Thomas walks away a bit disillusioned with the art authentication process, wishing there was a more formal system, such as a committee of identified experts to make determinations, such as the American Philatelic Expertizing Service provides for stamps.

Bouma remains convinced – and committed. On Saturday, he is having the sketch delivered to the TOM. While the U.S. dealer continues to work on a sale, Eichhorn plans to install the sketch in September to coincide with a "Bring Tom Home" fundraising campaign to build a new facility and encourage owners of Thomsons to consider the TOM for their work. The TOM will explain the history – and mystery – behind the painting. The gallery will say they think there is a lot of good evidence that supports it being authentic. Visitors will likely be asked to weigh in: do they think this is a Thomson?

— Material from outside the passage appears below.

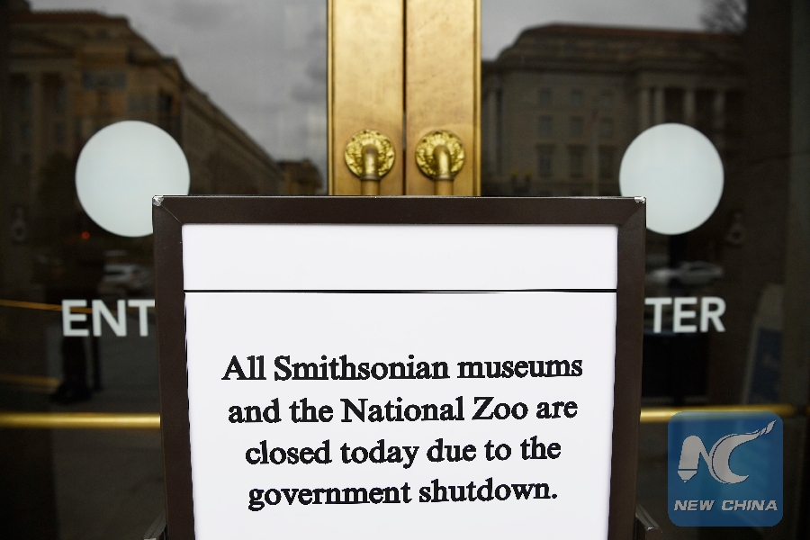 WASHINGTON, Jan. 2 (Xinhua) -- The 19 Smithsonian museums and the National Zoo in Washington D.C. closed their doors on Wednesday as the partial U.S. government shutdown dragged on.

Bouma absolutely does. "I'm more than sure. I think the evidence and everything will just stand for itself," he says. "I feel like all the pieces are there; what I've learned from this is there will always be a degree of uncertainty to this stuff."

Editor's note: An earlier digital version of this story stated that Thomson expert Dennis Reid did not respond to Cameron Thomas's e-mails; however, Thomas had an incorrect e-mail address for Reid, and the latter never in fact received the e-mails. This version has been updated.